He says price pressures in Britain are moving in the right direction - consumer price inflation stood at 3.2% in March and is expected to fall again in April, moving further away from the four-decade high of 11.1% set in October 2022.
In March, Bailey said it was reasonable for investors to bet on rate cuts this year and one BoE official, Swati Dhingra, voted for a cut in February and March.
A Reuters poll of economists last month showed a split in expectations between June and later in the summer or September.
But several top BoE officials have sounded cautious about an early move, stressing how wage growth of around 6% is too strong to get inflation down to 2% sustainably.
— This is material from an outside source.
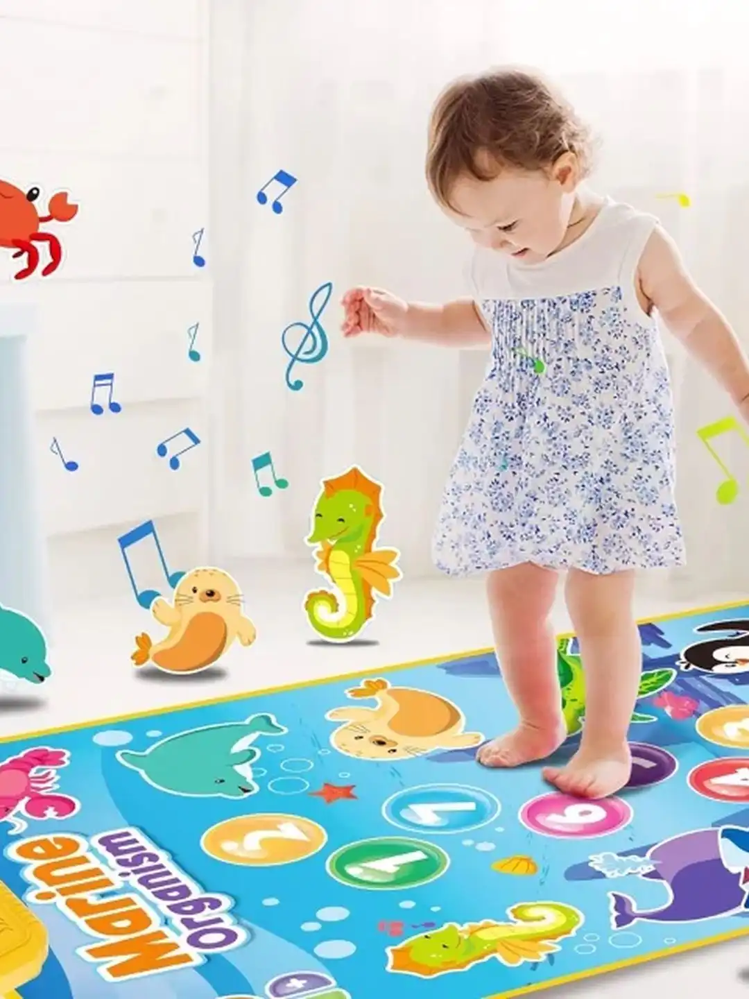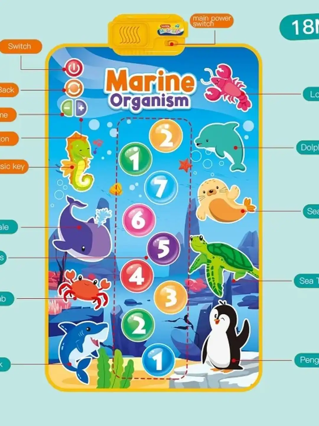 Multifunkcionalna muzička podloga za igru sa zvučnim tasterima savršen je način da vaša beba stvori muziku dok se zabavlja! Ova velika prostirka omogućava bebama i njihovim prijateljima da uživaju u igri, a pritiskanjem različitih tastera razvijaju koordinaciju i krupnu motoriku. Dok pritiska podlogu, beba uči odnos uzrok-posledica, prepoznaje zabavne zvuke morskih životinja i stvara melodije pritiskom na muzičke note. Devet muzičkih tonova i devet zvukova morskih životinja stimulišu bebin sluh, dok jarke boje i slike podstiču razvoj vizuelne percepcije. Ova podloga takođe pomaže u razvoju društvenih veština kroz igru u društvu. Podloga je vrlo praktična – lako se čisti i održava, a idealna je za bebi gimnastiku koja podstiče razvoj motorike, posebno u prvoj godini života. Uz zabavu, beba pravi velike telesne pokrete, stimulišući svoja čula vida, dodira i zvuka.

The difference in views means only minor changes to the central bank's message are likely on May 9 after the latest meeting of the BoE's Monetary Policy Committee.
Oliver Blackbourn, a portfolio manager with investment firm Janus Henderson Investors, said the BoE would probably not tell investors they were pricing in too few rate cuts, given the work still needed to bring inflation pressures to heel.
That job could be complicated if the BoE stokes expectations of rate cuts and sterling weakens further.
"There's probably a high risk of a policy error now if they don't manage the next six months correctly," Blackbourn said.
Ross Walker, chief UK economist at NatWest Markets, also said the BoE was unlikely to send an explicit signal to investors that their rate cut bets are too conservative.
But he said the central bank might cut its inflation projections, lowering a forecast for price growth in three years' time to a below-target 1.5%, as a way to convey that message.
"Implicitly, BoE policymakers will be signalling that the market is - substantially - under-pricing the likely magnitude of required rate cuts in 2024," Walker - who expects a first rate cut in August - wrote in a note to clients.
Deputy Governor Dave Ramsden struck a dovish note on April 19 when he said the risk of inflation getting stuck too high had receded and it might prove weaker than the BoE's forecasts.
But Chief Economist Huw Pill said on April 23 that rate cuts remained some way off, echoing external MPC member Jonathan Haskel. Megan Greene has said wage growth is too high to be consistent with the BoE's 2% target.
Bailey and other top officials will hold a news conference at 1130 GMT on May 9, half an hour after publication of their latest monetary policy decision, minutes of their meeting and their latest forecasts.